Тоже на сарказм решил перейти. А я думала, у него эта функция отключилась вместе с другими человеческими.
— Давай по делу. Зачем мы тебе? Какова цель нашего с Ромой пребывания в твоей квартире? Что дальше?
— Живите. Я вас не ограничиваю. Но я хочу, чтобы мой сын рос рядом, хочу дать ему жизнь, соответствующую моим возможностям.
— Его и прежняя устраивала.
— Это не тебе решать. У ребёнка двое родителей.
— Правда? Может, поэтому он, живя почти неделю в доме своего отца, так его ни разу и не увидел?
— Я был занят.
Вот как.
— Понимаешь, это ребёнок. Ты пришёл в нашу жизнь, открыв дверь с ноги, заявил ему, что ты его папа и увёз к себе. А потом исчез, оставив четырёхлетнего мальчика, грезившего о папе, в режиме ожидания. Так нельзя. Ему это причиняет боль.
Не знаю, слышит ли он меня, потому что на идеальном лице не проскакивает и тени какой-то эмоции.
— Хорошо, — смотрит сначала в ноутбук, а потом снова на меня. — Можем запланировать поход в кафе на субботу на десять. В двенадцать у меня совещание.
Я качаю головой, потому что в ней всё это ничерта не укладывается.

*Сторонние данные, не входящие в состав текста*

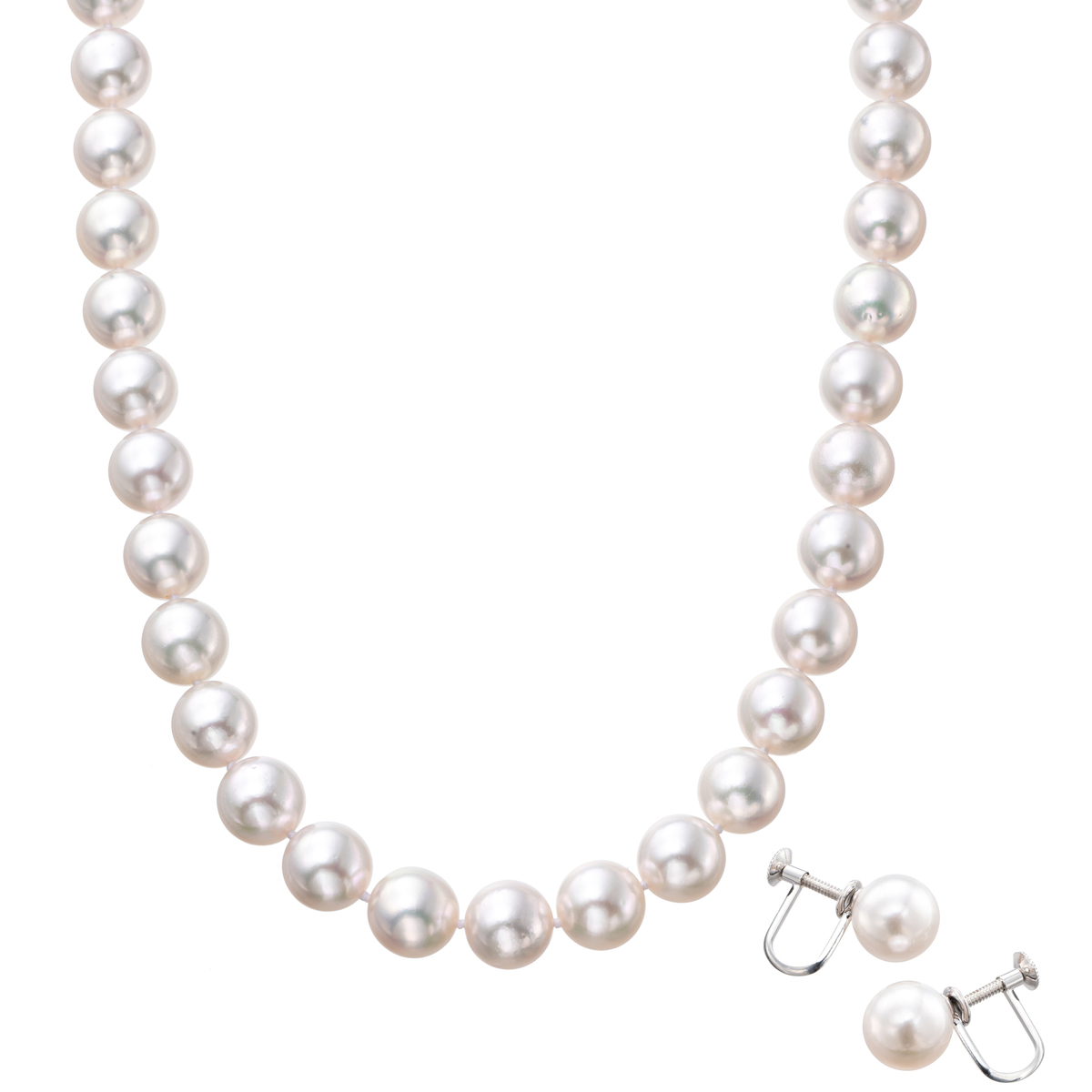 アコヤ真珠 9.5mm ネックレス&イヤリング/ピアスセット

Как можно быть таким непробиваемым?
— Какие-то ещё вопросы? — поднимает брови.
— Да, — отвечаю, собираясь с духом. — Твоя помощница принесла документы на детский сад, но там указана крупная сумма первого взноса. У меня таких денег нет. А чтобы найти работу, мне нужно куда-то его пристроить.
— Зачем тебе работа?
— Странный вопрос. Чтобы жить на что-то? — поднимаю бровь, надеясь, что сарказм будет понятен.
— Я могу обеспечить вас.
— Спасибо, Ярослав, но я не твоя содержанка и предпочитаю рассчитывать на свои силы. Как, к примеру, эти пять дней.

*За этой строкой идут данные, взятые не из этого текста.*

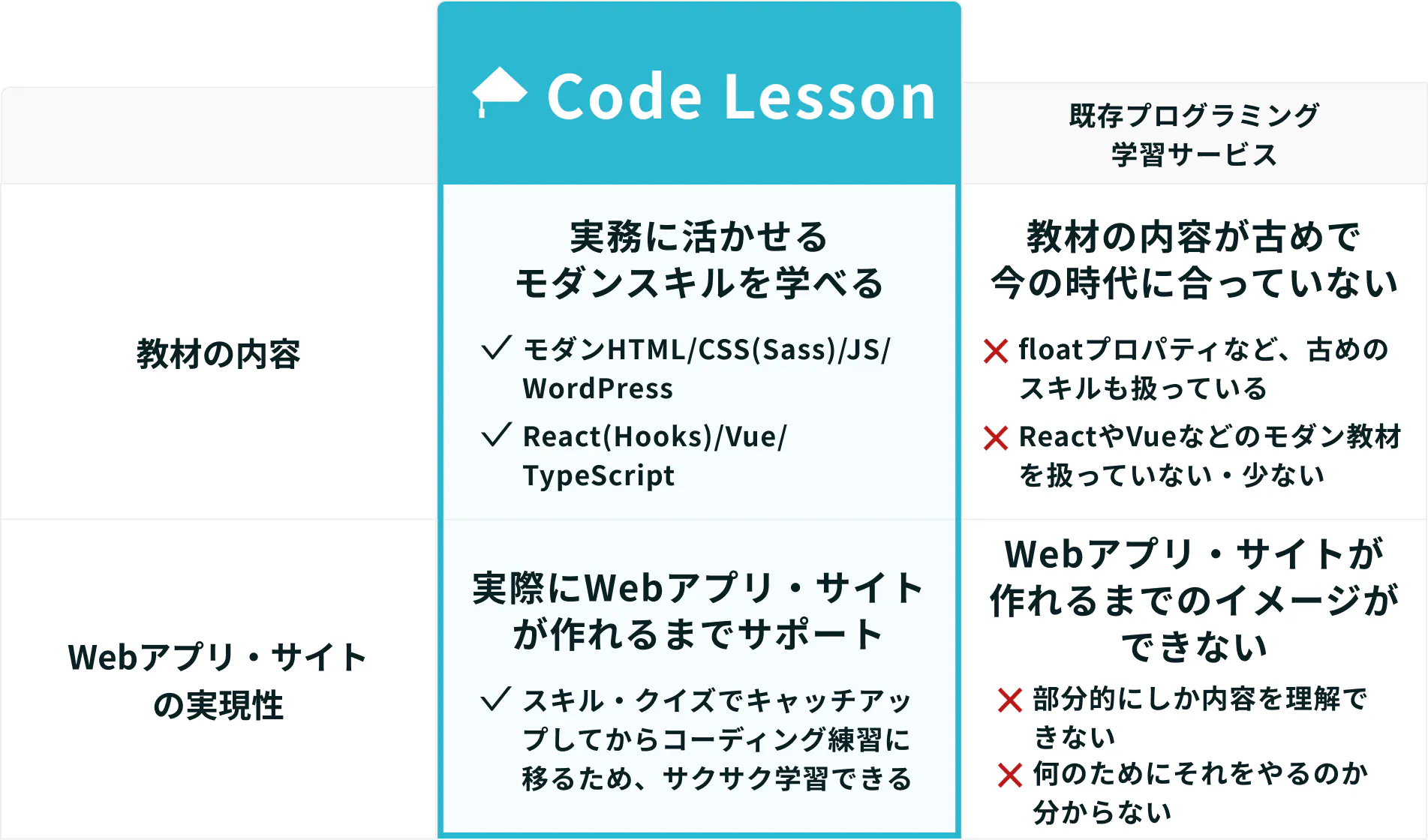 ◆既存プログラミング学習サービスとの比較

Он сводит брови и что-то смотрит на экране ноутбука.
— Минуту, — кивает, а потом вызывает по связи секретаршу. — Алиса, Кристину ко мне. Сейчас.

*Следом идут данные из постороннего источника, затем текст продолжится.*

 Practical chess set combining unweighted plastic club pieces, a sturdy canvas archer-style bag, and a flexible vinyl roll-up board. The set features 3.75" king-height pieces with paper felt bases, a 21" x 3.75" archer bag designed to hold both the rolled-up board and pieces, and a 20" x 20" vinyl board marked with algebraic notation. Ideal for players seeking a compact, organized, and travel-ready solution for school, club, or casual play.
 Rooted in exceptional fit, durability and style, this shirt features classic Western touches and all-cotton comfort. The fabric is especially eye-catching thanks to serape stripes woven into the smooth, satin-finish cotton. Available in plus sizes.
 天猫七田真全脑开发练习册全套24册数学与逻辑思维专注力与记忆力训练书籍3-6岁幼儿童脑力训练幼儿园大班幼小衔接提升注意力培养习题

Помощница материализуется в кабинете Нажинского уже через две минуты.
— Здравствуйте, Ярослав Юрьевич, — заходит, широко улыбаясь, но улыбка её тухнет при виде меня. — Вызывали?
— Кристина, ты передала Софии пакет документов?
— Да, — кивает она. — На детский сад.
— А на счёт?
Девушка каменеет на месте, бледнея.
— Я… — она несколько раз быстро моргает.
— Ты уволена.
В шок приходит не только сама Кристина, но и я. Так понимаю, что она не передала мне то, что велел Нажинский. Умышленно ли, учитывая замечание Людмилы Васильевны, или просто забыла — не знаю. Но то, с какой скоростью он отрезал от себя человека, меня поражает.
Кристина, всё ещё бледная как стена, кивает и молча выходит.
— Ты вот так просто взял и уволил человека? — не выдерживаю я.
— Она не выполнила то, что должна была. И я больше не смогу на неё рассчитывать.
— Ясно… — я даже не нахожусь, что ответить.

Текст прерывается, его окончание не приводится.